Task brief: So that the copy stays text only, transcribe the data below exactly and exclude the images.

Given material:
[Start of Attachment]

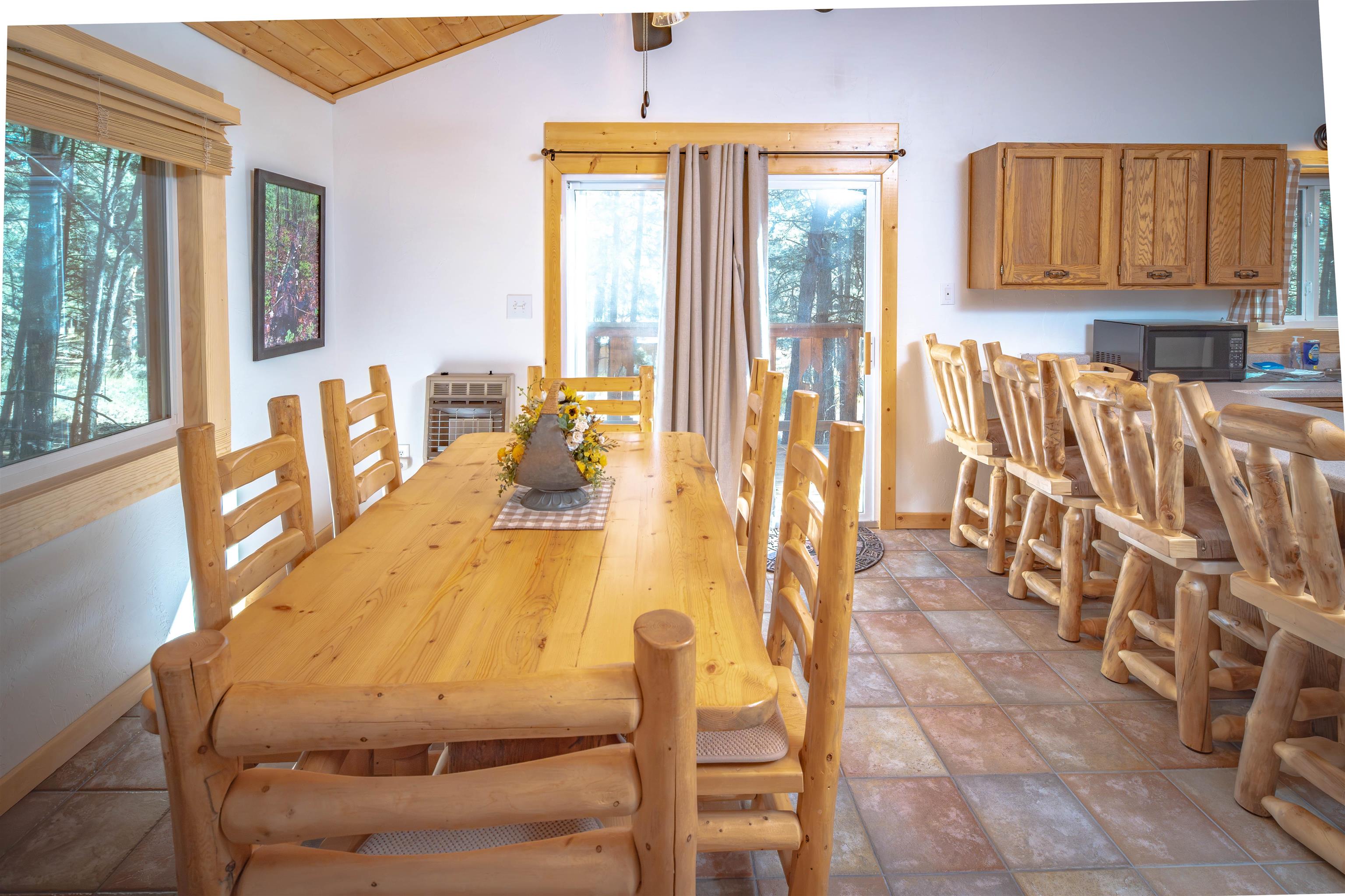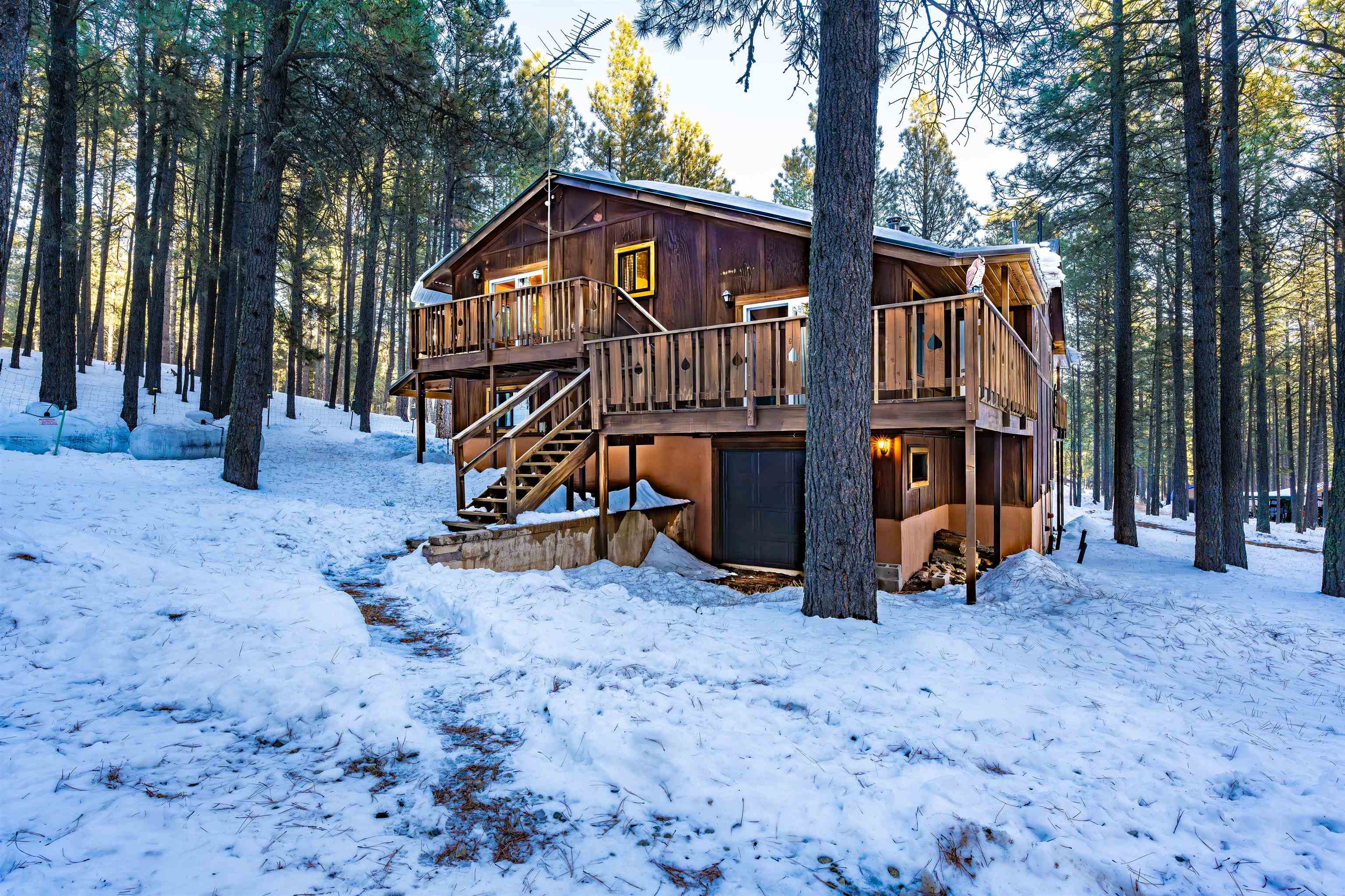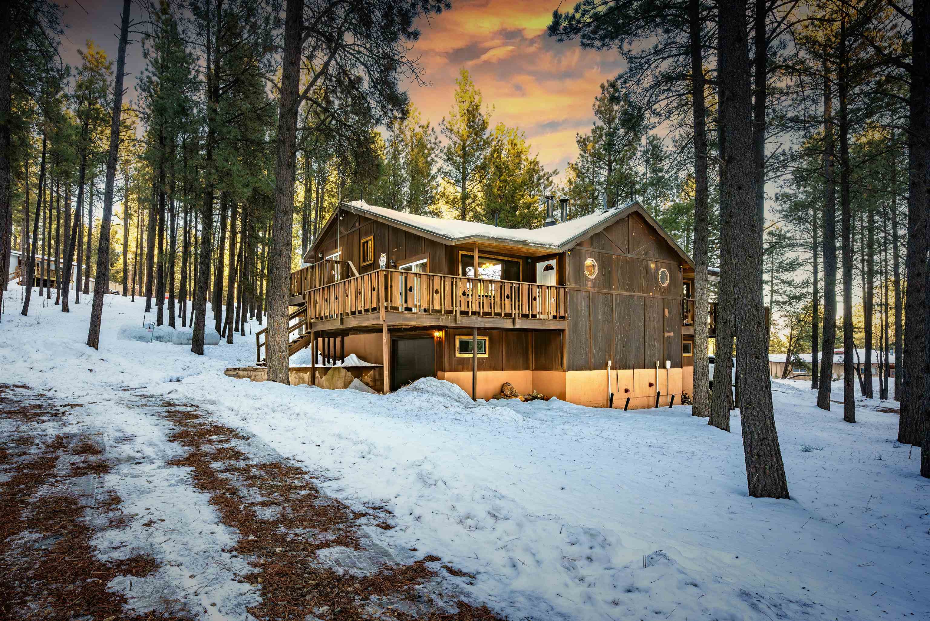 Looking for a mountain home that pays for itself? This well-kept duplex is already income-producing, with a month-to-month tenant on one side bringing in $2,000 a month! With an assumable VA loan at a 2.25% interest rate and seller financing as an option, this property makes for a great investment or mountain getaway that helps cover the bills. Together, the two mirrored units offer 2,930 sq ft of living space on a 1-acre wooded lot, just 10 minutes from Angel Fire Resort. Each side includes 3 bedrooms and 2 baths in a smart split-level layout that gives everyone a little privacy. The main entrance opens to a covered porch with tongue-and-groove ceilings and a welcoming foyer--perfect for kicking off your ski boots after a day on the slopes. The living room centers around a big wood-burning stove that keeps the whole place cozy on snowy days. Downstairs, you'll find two bedrooms, a full bath, and garage access; upstairs you've got the kitchen and primary bedroom. Every level has its own propane wall heater for extra comfort. Recent updates include brand-new windows throughout and tongue-and-groove accents that give the home its warm mountain feel. Each unit has separate utility meters, so it's easy to manage whether you live in one side or rent them both out. Outside the resort boundary--no membership fees here--saving you thousands every year. Fully furnished and turnkey, this quiet duplex is surrounded by tall pines and designed from the start to be both comfortable and income-generating.
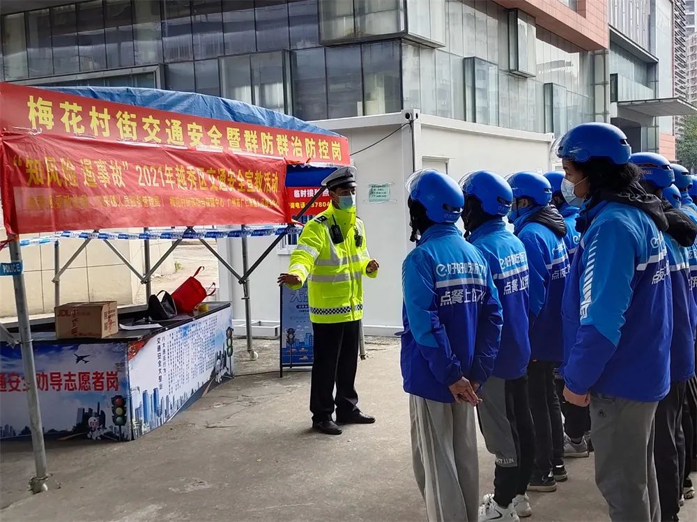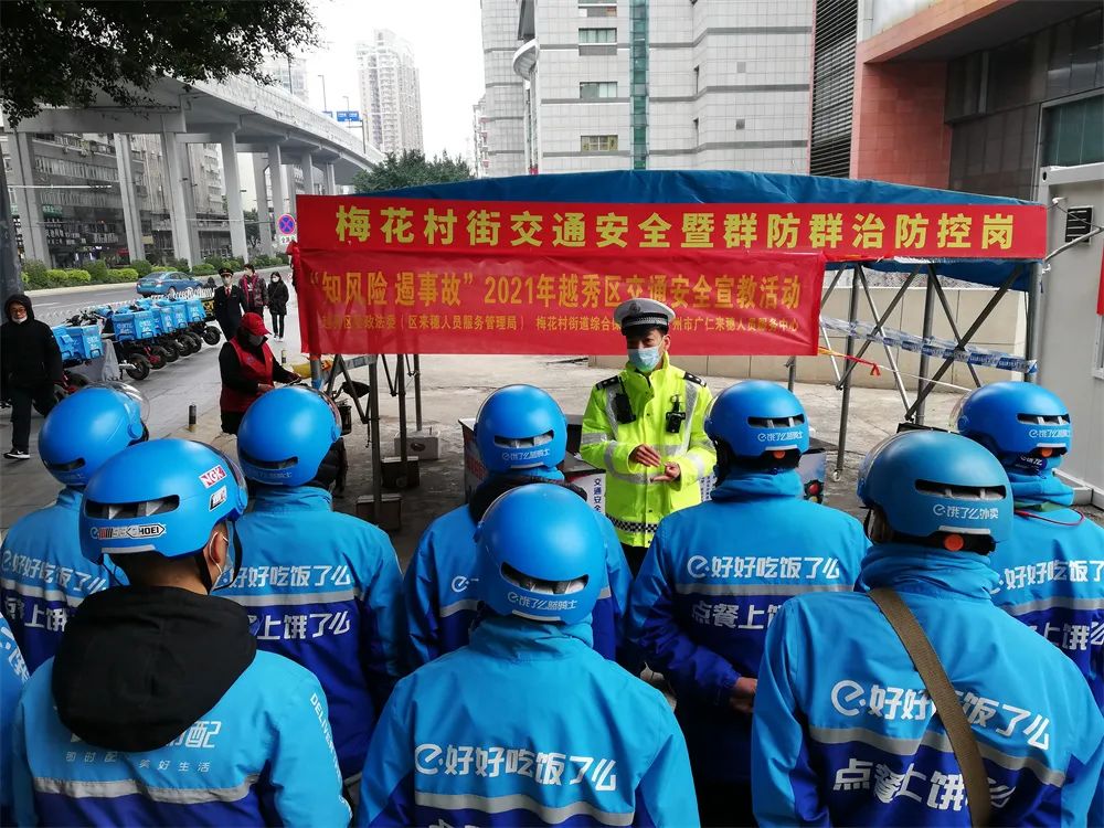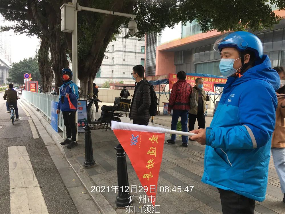 2021年12月29日上午,活动在梅东路交通岗发动了多名“饿了么”外卖小哥,一起参与对行人、电动单车的交通安全劝导、交通安全宣传等。
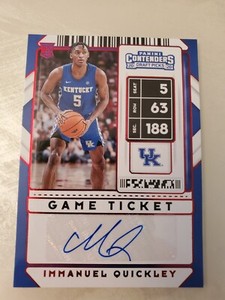 - Immanuel Quickley 2020-21 Panini Contenders #5 Red Game Ticket Auto RookieOpens in a new window or tabPre-OwnedEUR 9.27Top Rated SellerTop Rated SellerBuy It Nowbaseball12114 (8,448) 99.9%+EUR 15.86 shippingfrom United States

[End of Attachment]

Written answer:
 Looking for a mountain home that pays for itself? This well-kept duplex is already income-producing, with a month-to-month tenant on one side bringing in $2,000 a month! With an assumable VA loan at a 2.25% interest rate and seller financing as an option, this property makes for a great investment or mountain getaway that helps cover the bills. Together, the two mirrored units offer 2,930 sq ft of living space on a 1-acre wooded lot, just 10 minutes from Angel Fire Resort. Each side includes 3 bedrooms and 2 baths in a smart split-level layout that gives everyone a little privacy. The main entrance opens to a covered porch with tongue-and-groove ceilings and a welcoming foyer--perfect for kicking off your ski boots after a day on the slopes. The living room centers around a big wood-burning stove that keeps the whole place cozy on snowy days. Downstairs, you'll find two bedrooms, a full bath, and garage access; upstairs you've got the kitchen and primary bedroom. Every level has its own propane wall heater for extra comfort. Recent updates include brand-new windows throughout and tongue-and-groove accents that give the home its warm mountain feel. Each unit has separate utility meters, so it's easy to manage whether you live in one side or rent them both out. Outside the resort boundary--no membership fees here--saving you thousands every year. Fully furnished and turnkey, this quiet duplex is surrounded by tall pines and designed from the start to be both comfortable and income-generating.
 2021年12月29日上午,活动在梅东路交通岗发动了多名“饿了么”外卖小哥,一起参与对行人、电动单车的交通安全劝导、交通安全宣传等。
 - Immanuel Quickley 2020-21 Panini Contenders #5 Red Game Ticket Auto RookieOpens in a new window or tabPre-OwnedEUR 9.27Top Rated SellerTop Rated SellerBuy It Nowbaseball12114 (8,448) 99.9%+EUR 15.86 shippingfrom United States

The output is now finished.